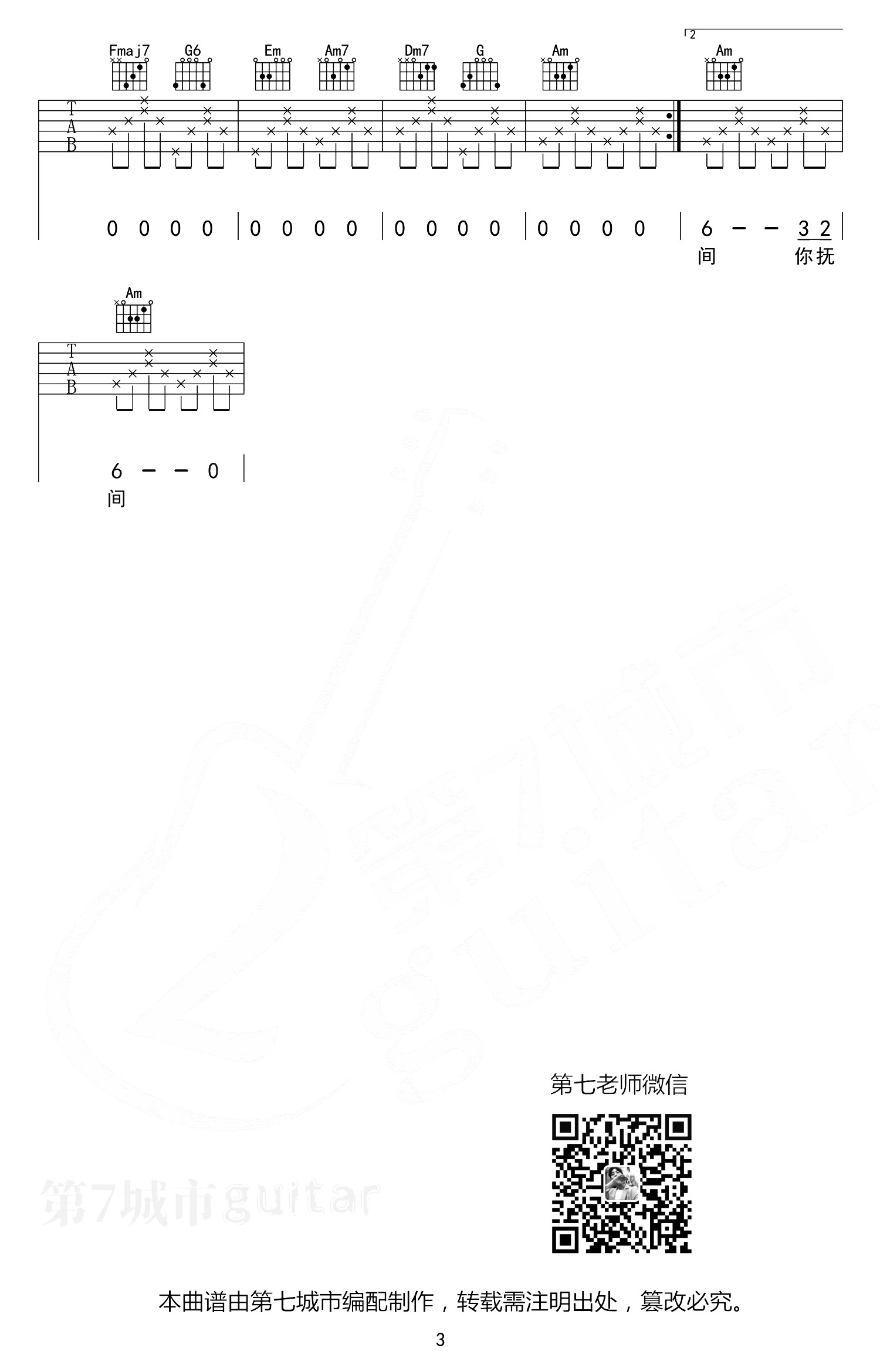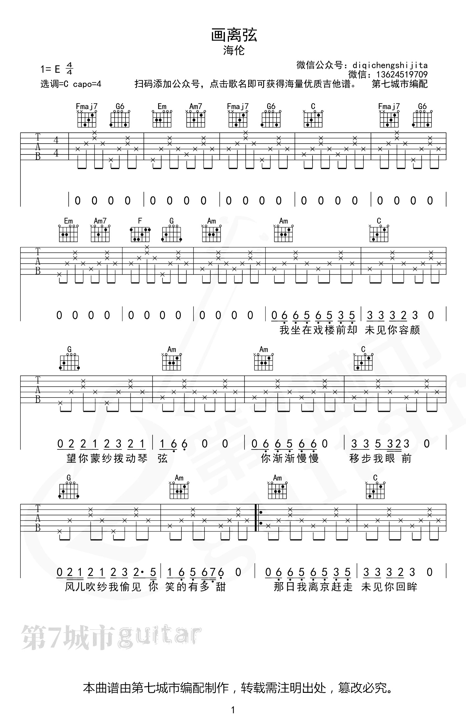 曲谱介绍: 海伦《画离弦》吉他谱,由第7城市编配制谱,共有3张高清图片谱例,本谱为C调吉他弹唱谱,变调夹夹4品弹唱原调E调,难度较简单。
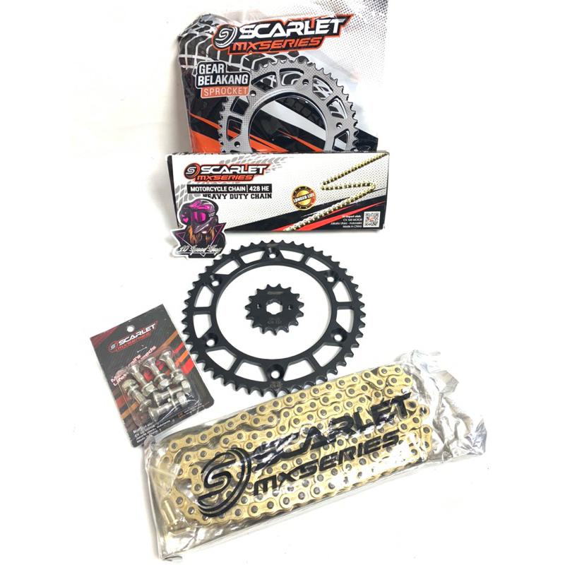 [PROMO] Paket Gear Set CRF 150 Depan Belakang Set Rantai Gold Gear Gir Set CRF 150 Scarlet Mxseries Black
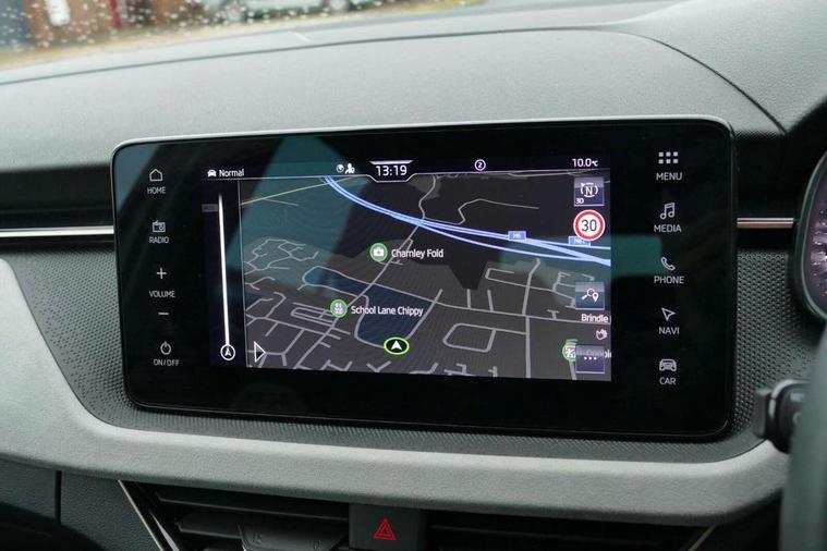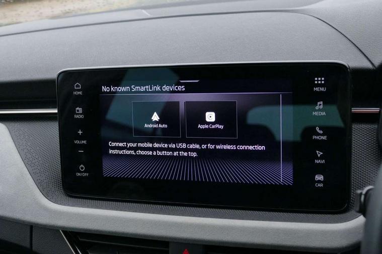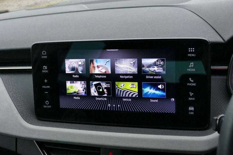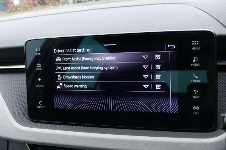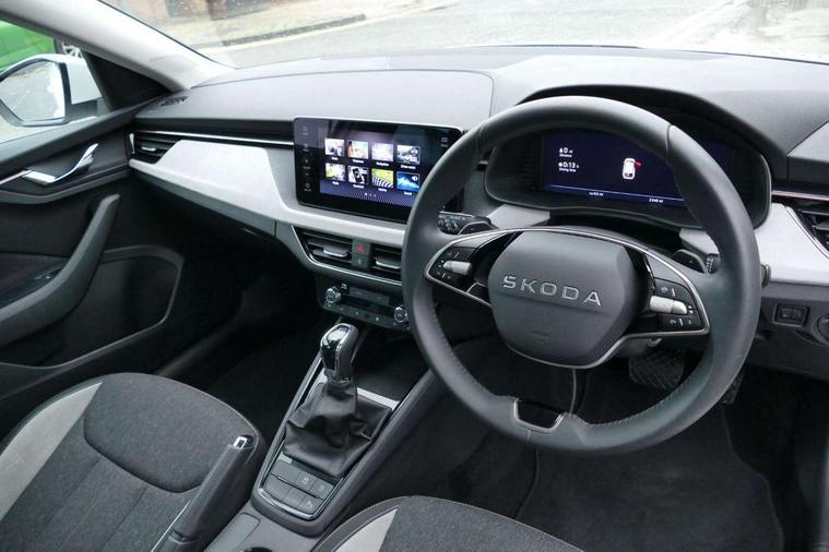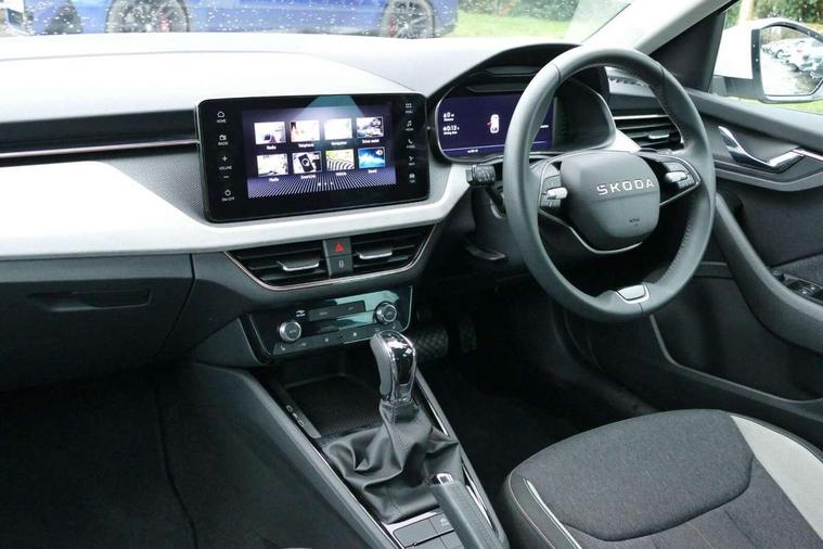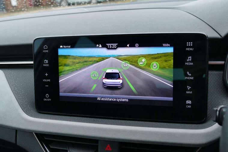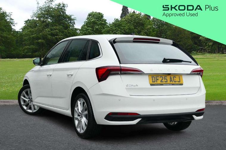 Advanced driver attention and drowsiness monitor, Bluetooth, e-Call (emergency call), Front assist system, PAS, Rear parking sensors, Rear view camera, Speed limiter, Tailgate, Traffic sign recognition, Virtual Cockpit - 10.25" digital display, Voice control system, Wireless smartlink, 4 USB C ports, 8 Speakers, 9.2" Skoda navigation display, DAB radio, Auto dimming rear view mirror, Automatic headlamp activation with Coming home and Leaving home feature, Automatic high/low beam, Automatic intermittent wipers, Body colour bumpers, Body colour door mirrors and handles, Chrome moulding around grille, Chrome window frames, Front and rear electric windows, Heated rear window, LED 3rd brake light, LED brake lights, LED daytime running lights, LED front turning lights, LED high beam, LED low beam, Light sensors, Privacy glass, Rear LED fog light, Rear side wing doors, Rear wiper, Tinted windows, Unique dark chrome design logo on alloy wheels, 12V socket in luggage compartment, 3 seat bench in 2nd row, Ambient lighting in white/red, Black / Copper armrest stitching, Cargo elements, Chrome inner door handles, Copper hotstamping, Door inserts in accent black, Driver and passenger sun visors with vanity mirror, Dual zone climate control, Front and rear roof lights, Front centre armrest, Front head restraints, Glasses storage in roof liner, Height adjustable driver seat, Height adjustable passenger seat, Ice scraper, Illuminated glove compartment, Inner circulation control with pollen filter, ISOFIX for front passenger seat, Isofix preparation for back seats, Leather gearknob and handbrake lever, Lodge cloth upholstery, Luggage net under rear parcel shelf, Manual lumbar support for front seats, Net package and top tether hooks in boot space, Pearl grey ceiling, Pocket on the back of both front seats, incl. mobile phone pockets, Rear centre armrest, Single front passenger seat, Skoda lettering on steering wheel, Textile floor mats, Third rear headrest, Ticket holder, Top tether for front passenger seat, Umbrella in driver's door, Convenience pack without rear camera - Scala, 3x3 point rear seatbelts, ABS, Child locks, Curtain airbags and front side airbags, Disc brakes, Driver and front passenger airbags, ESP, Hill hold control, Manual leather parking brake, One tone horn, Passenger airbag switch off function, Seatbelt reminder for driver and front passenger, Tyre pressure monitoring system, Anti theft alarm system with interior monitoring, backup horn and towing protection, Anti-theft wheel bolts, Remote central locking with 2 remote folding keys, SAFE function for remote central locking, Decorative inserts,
--*--
Task: Apart from the pictures, every line above must be printed exactly.

Response area:
 曲谱介绍: 海伦《画离弦》吉他谱,由第7城市编配制谱,共有3张高清图片谱例,本谱为C调吉他弹唱谱,变调夹夹4品弹唱原调E调,难度较简单。
 [PROMO] Paket Gear Set CRF 150 Depan Belakang Set Rantai Gold Gear Gir Set CRF 150 Scarlet Mxseries Black
 Advanced driver attention and drowsiness monitor, Bluetooth, e-Call (emergency call), Front assist system, PAS, Rear parking sensors, Rear view camera, Speed limiter, Tailgate, Traffic sign recognition, Virtual Cockpit - 10.25" digital display, Voice control system, Wireless smartlink, 4 USB C ports, 8 Speakers, 9.2" Skoda navigation display, DAB radio, Auto dimming rear view mirror, Automatic headlamp activation with Coming home and Leaving home feature, Automatic high/low beam, Automatic intermittent wipers, Body colour bumpers, Body colour door mirrors and handles, Chrome moulding around grille, Chrome window frames, Front and rear electric windows, Heated rear window, LED 3rd brake light, LED brake lights, LED daytime running lights, LED front turning lights, LED high beam, LED low beam, Light sensors, Privacy glass, Rear LED fog light, Rear side wing doors, Rear wiper, Tinted windows, Unique dark chrome design logo on alloy wheels, 12V socket in luggage compartment, 3 seat bench in 2nd row, Ambient lighting in white/red, Black / Copper armrest stitching, Cargo elements, Chrome inner door handles, Copper hotstamping, Door inserts in accent black, Driver and passenger sun visors with vanity mirror, Dual zone climate control, Front and rear roof lights, Front centre armrest, Front head restraints, Glasses storage in roof liner, Height adjustable driver seat, Height adjustable passenger seat, Ice scraper, Illuminated glove compartment, Inner circulation control with pollen filter, ISOFIX for front passenger seat, Isofix preparation for back seats, Leather gearknob and handbrake lever, Lodge cloth upholstery, Luggage net under rear parcel shelf, Manual lumbar support for front seats, Net package and top tether hooks in boot space, Pearl grey ceiling, Pocket on the back of both front seats, incl. mobile phone pockets, Rear centre armrest, Single front passenger seat, Skoda lettering on steering wheel, Textile floor mats, Third rear headrest, Ticket holder, Top tether for front passenger seat, Umbrella in driver's door, Convenience pack without rear camera - Scala, 3x3 point rear seatbelts, ABS, Child locks, Curtain airbags and front side airbags, Disc brakes, Driver and front passenger airbags, ESP, Hill hold control, Manual leather parking brake, One tone horn, Passenger airbag switch off function, Seatbelt reminder for driver and front passenger, Tyre pressure monitoring system, Anti theft alarm system with interior monitoring, backup horn and towing protection, Anti-theft wheel bolts, Remote central locking with 2 remote folding keys, SAFE function for remote central locking, Decorative inserts,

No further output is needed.